-- Task to complete --
The reply should hold only the lines below beginning at the one with "Στην ακολουθία του" and ending at the one with "Параметр Ед. измерения", copied exactly, with every picture left out.

-- The records --
━━━━━━━━━━━━━━━━━━━━

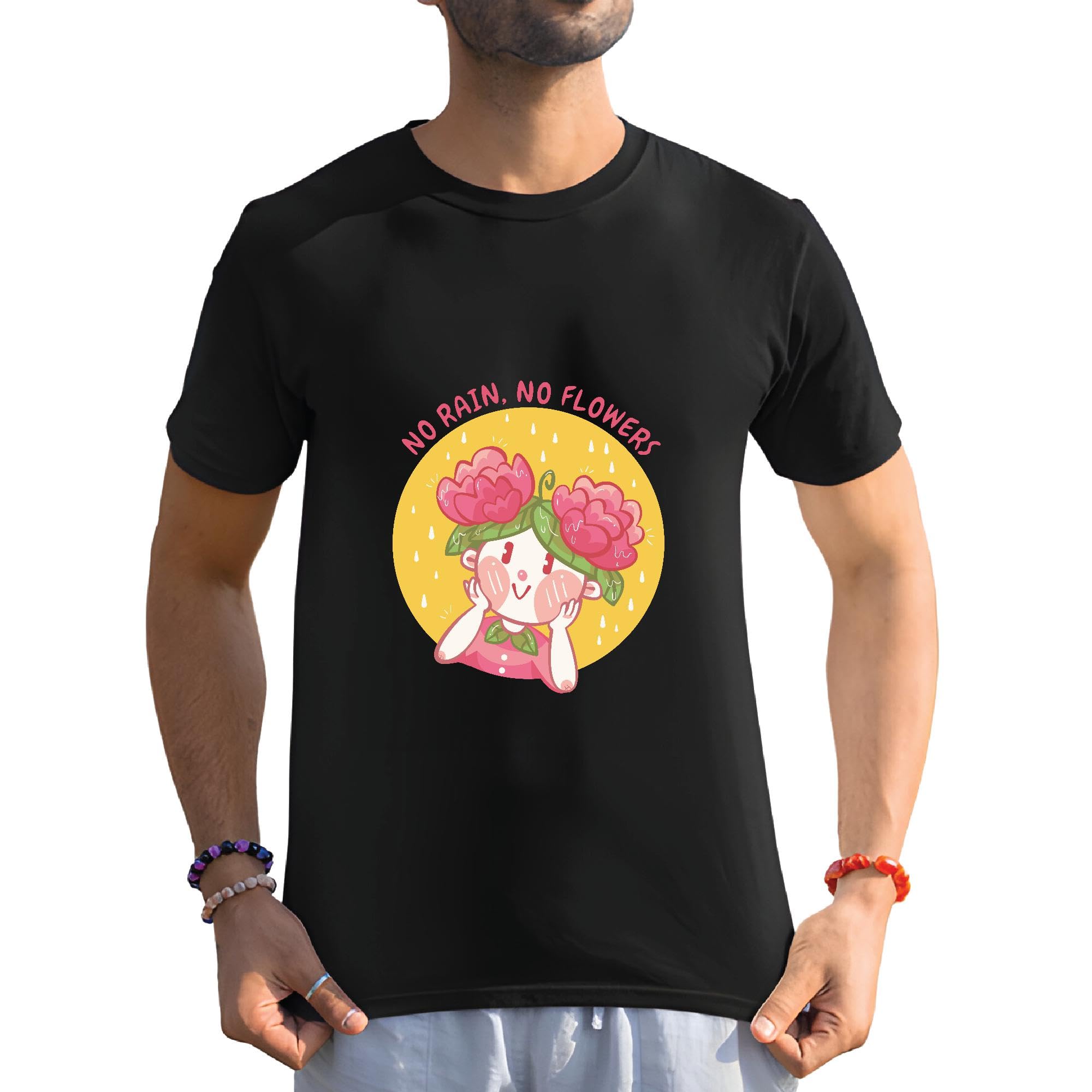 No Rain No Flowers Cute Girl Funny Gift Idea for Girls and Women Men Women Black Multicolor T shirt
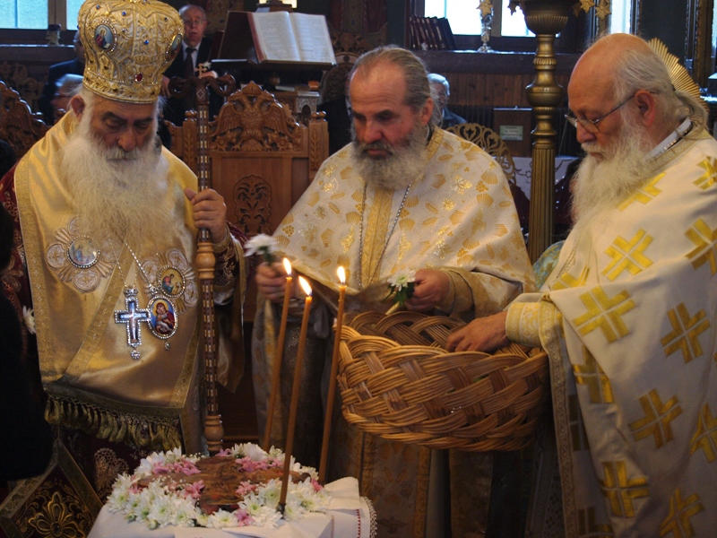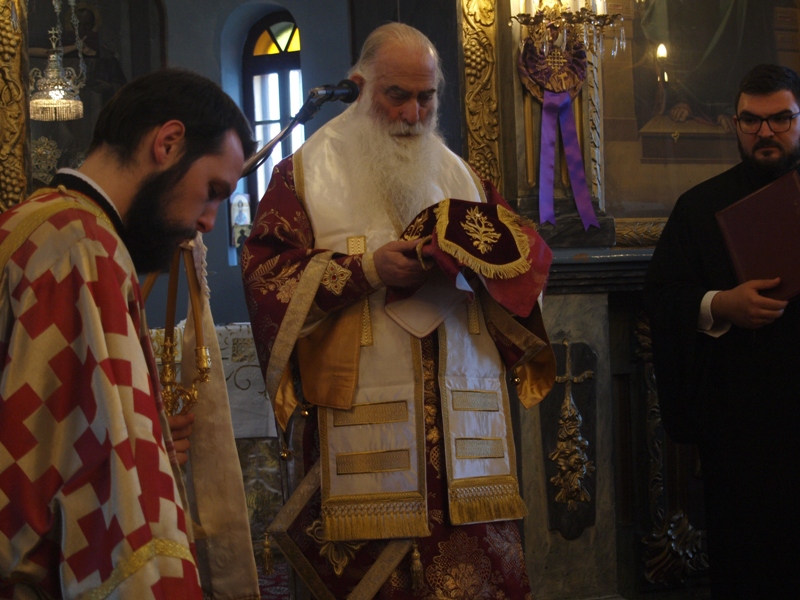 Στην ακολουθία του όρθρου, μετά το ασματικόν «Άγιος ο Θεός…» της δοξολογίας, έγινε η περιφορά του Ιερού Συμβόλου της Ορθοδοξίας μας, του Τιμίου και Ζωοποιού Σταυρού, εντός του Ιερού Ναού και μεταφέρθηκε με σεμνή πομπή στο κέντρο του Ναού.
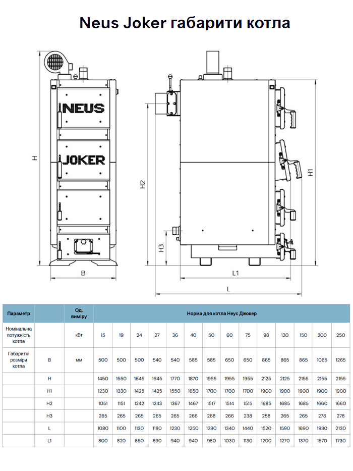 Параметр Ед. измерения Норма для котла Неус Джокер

━━━━━━━━━━━━━━━━━━━━

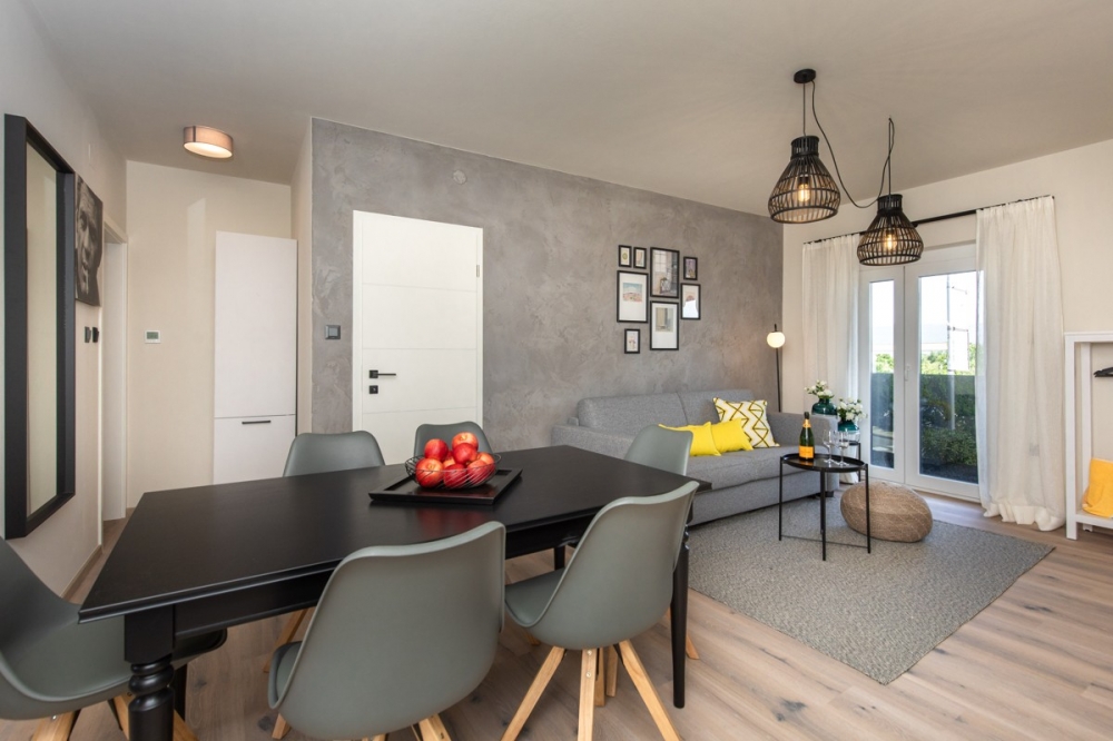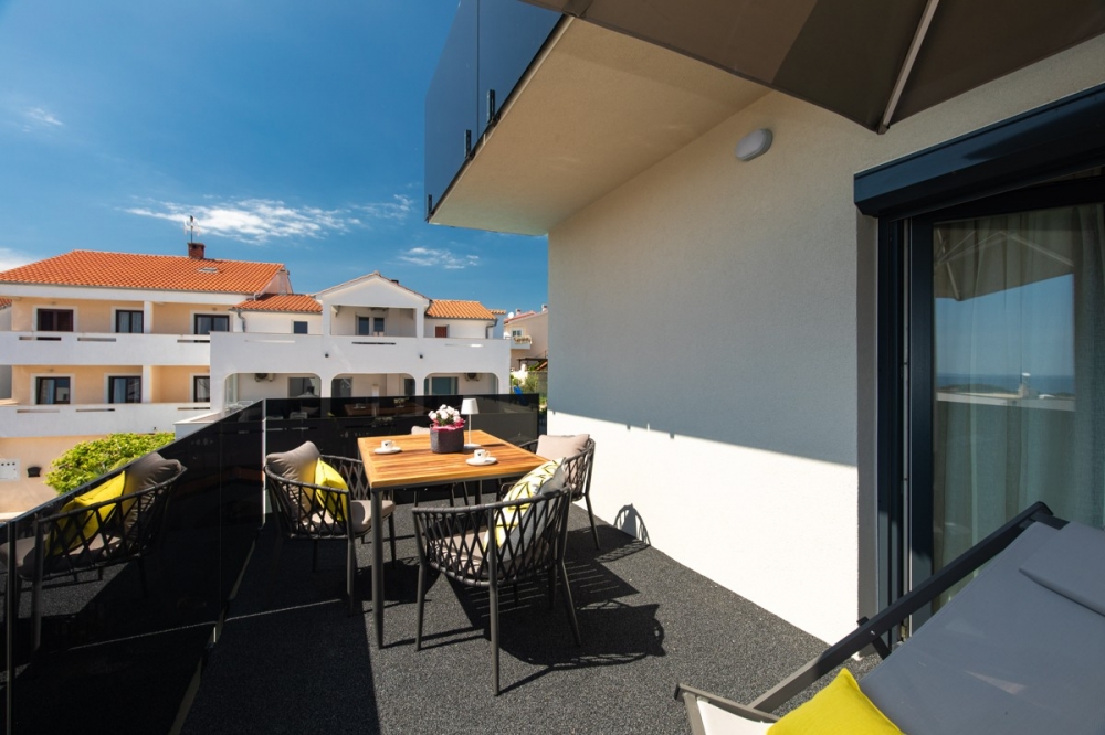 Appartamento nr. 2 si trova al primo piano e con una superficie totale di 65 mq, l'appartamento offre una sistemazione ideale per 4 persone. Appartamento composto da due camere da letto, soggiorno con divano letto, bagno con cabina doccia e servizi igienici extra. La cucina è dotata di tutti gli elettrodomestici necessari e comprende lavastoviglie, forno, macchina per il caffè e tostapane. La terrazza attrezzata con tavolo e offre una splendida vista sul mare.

━━━━━━━━━━━━━━━━━━━━

-- Task output --
 Στην ακολουθία του όρθρου, μετά το ασματικόν «Άγιος ο Θεός…» της δοξολογίας, έγινε η περιφορά του Ιερού Συμβόλου της Ορθοδοξίας μας, του Τιμίου και Ζωοποιού Σταυρού, εντός του Ιερού Ναού και μεταφέρθηκε με σεμνή πομπή στο κέντρο του Ναού.
 Параметр Ед. измерения Норма для котла Неус Джокер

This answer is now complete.